The purpose of this vignette is to present the calculations of the costs for the univariate Gaussian distribution.

Each time step $t$ belongs to group $k$ whose time stamps are the set $T_{k}$. A group can have additive mean anomaly $\mu_{k}$ and multiplicative variance anomaly $\sigma_{k}$ which are common for $t \in T_{k}$. Assuming the {\it a priori} known mean $m_{t}$ and variance $s_{t}$ of the data generating distribution gives for $t \in T_{k}$

\[
P\left(y_t \left| m_{t},s_{t}, \mu_k,\sigma_k\right.\right) = \frac{1}{\sqrt{2\pi\sigma_{t}s_{k}}}\exp\left(-\frac{1}{2\sigma_{k}s_{t}}\left(y_{t} - m_t - \mu_{k}\right)^2\right)
\]

The cost is computed as twice the negative log likelhiood plus a penalty term $\beta$ giving

\[
C\left(y_{t \in T_{k}} \left| m_{t \in T_{k}}, s_{t \in T_{k}}, \mu_k,\sigma_k\right.\right) = 
n_{k} \log\left(2\pi \sigma_{k}\right)
+\sum\limits_{t \in T_{k}} \log\left(s_{t}\right)
+\frac{1}{\sigma_{k}}\sum\limits_{t \in T_{k}} \frac{\left(y_{t} - m_t - \mu_{k}\right)^2}{s_{t}} + \beta
\]

### No Anomaly (Baseline)

Here $\mu_{k}=0$ and $\sigma_{k}=1$ and there is no penalty so the cost is

\[
C_{B}\left(y_{t \in T_{k}} \left|  m_{t \in T_{k}}, s_{t \in T_{k}} \right.\right) = 
n_{k} \log\left(2\pi \right)
+\sum\limits_{t \in T_{k}} \log\left(s_{t}\right)
+\sum\limits_{t \in T_{k}} \frac{\left(y_{t} - m_t\right)^2}{s_{t}} 
\]

### Collective Anomalies

Collective anomalies last more then a single timestep and chnage the mean and/or variance.

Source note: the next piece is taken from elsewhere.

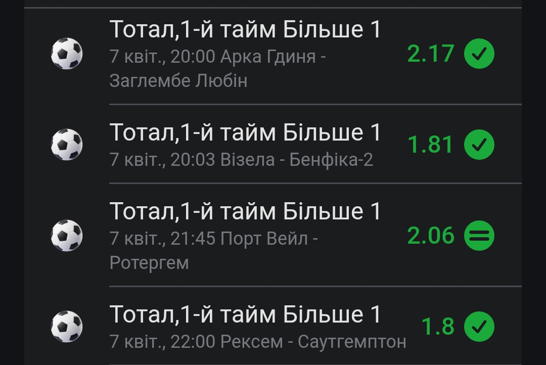 І тут в мене стоїть що Реал Мадрид, Спортинг і ПСЖ забють по 1 голу в кожному таймі, також ці команди мають подати по 3 кутових у кожному таймі, ну а їхні опоненти Баварія, Арсенал і Ліверпуль мають отримати хоча би про одній жавтій карті у кожному таймі. Ну і якщо сказати чесно то навіть я не вірю в такі результати, але команди які пройшли так далеко мають показати нам гарний футбол, в в моєму баченні ще й дуже насичений.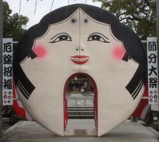 お隣の正八幡宮に、毎年恒例のおたふくさんが登場しています。

#### Anomaly in Mean and Variance

Estimates $\hat{\mu}$ of $\mu$ and $\hat{\sigma}$ of $\sigma$ can be selected to minimise the cost by taking

\[
\hat{\mu}_{k} = \left( \sum\limits_{t \in T_k} \frac{y_t-m_t}{s_t} \right)\left(  \sum\limits_{t \in T_k} \frac{1}{s_t}\right)^{-1}
\]
and
\[
\hat{\sigma}_{k} = \frac{1}{n_{k}} \sum\limits_{t \in T_k} \frac{ \left(y_t-m_t - \hat{\mu}_{k}\right)^2}{s_t}
\]

Subsituting these into the cost gives
\[
C_{MV}\left(y_{t \in T_{k}} \left| m_{t \in T_{k}}, s_{t \in T_{k}}, \hat{\mu}_k,\hat{\sigma}_k\right.\right) = 
n_{k} \log\left(2\pi \hat{\sigma}_{k}\right)
+\sum\limits_{t \in T_{k}} \log\left(s_{t}\right)
+n_{k} + \beta
\]

#### Anomaly in Mean

There is no change in variance so $\sigma_{k}=1$. The Estimate of $\hat{\mu}_{k}$ is unchanged from that for an anomaly in mean and variance so the cost is

\[
C_{M}\left(y_{t \in T_{k}} \left| m_{t \in T_{k}}, s_{t \in T_{k}}, \hat{\mu}_k\right.\right) = 
n_{k} \log\left(2\pi\right)
+\sum\limits_{t \in T_{k}} \log\left(s_{t}\right)
+\sum\limits_{t \in T_k} \frac{ \left(y_t - m_t - \hat{\mu}_{k}\right)^2}{s_t}
+ \beta
\]

can be written as

\[
C_{M}\left(y_{t \in T_{k}} \left| m_{t \in T_{k}}, s_{t \in T_{k}}, \hat{\mu}_k\right.\right) = 
n_{k} \log\left(2\pi\right)
+\sum\limits_{t \in T_{k}} \log\left(s_{t}\right)
+\sum\limits_{t \in T_k} \frac{ \left(y_t - m_t\right)^2}{s_t}
-\hat{\mu}^{2} \sum\limits_{t \in T_k} \frac{ 1}{s_t}
+ \beta
\]

#### Anomaly in Variance

These is no mean anomaly so $\mu_{k}=0$. Estimate of $\hat{\sigma}_{k}$ therfore changes to

\[
\hat{\sigma}_{k} = \frac{1}{n_{k}} \sum\limits_{t \in T_k} \frac{ \left(y_t-m_t\right)^2}{s_t}
\]

and cost is

\[
C_{V}\left(y_{t \in T_{k}} \left| m_{t \in T_{k}}, s_{t \in T_{k}}, \hat{\sigma}_k\right.\right) = 
n_{k} \log\left(2\pi \hat{\sigma}_{k}\right)
+\sum\limits_{t \in T_{k}} \log\left(s_{t}\right)
+n_{k}
+ \beta
\]


### Point anomaly

A point anomaly at time $t$ is treated as a single time step with an change in mean or  variance. However the cost of the point anomaly should be higher then the background cost when $y_{t}$ is, in some sense, close to the background.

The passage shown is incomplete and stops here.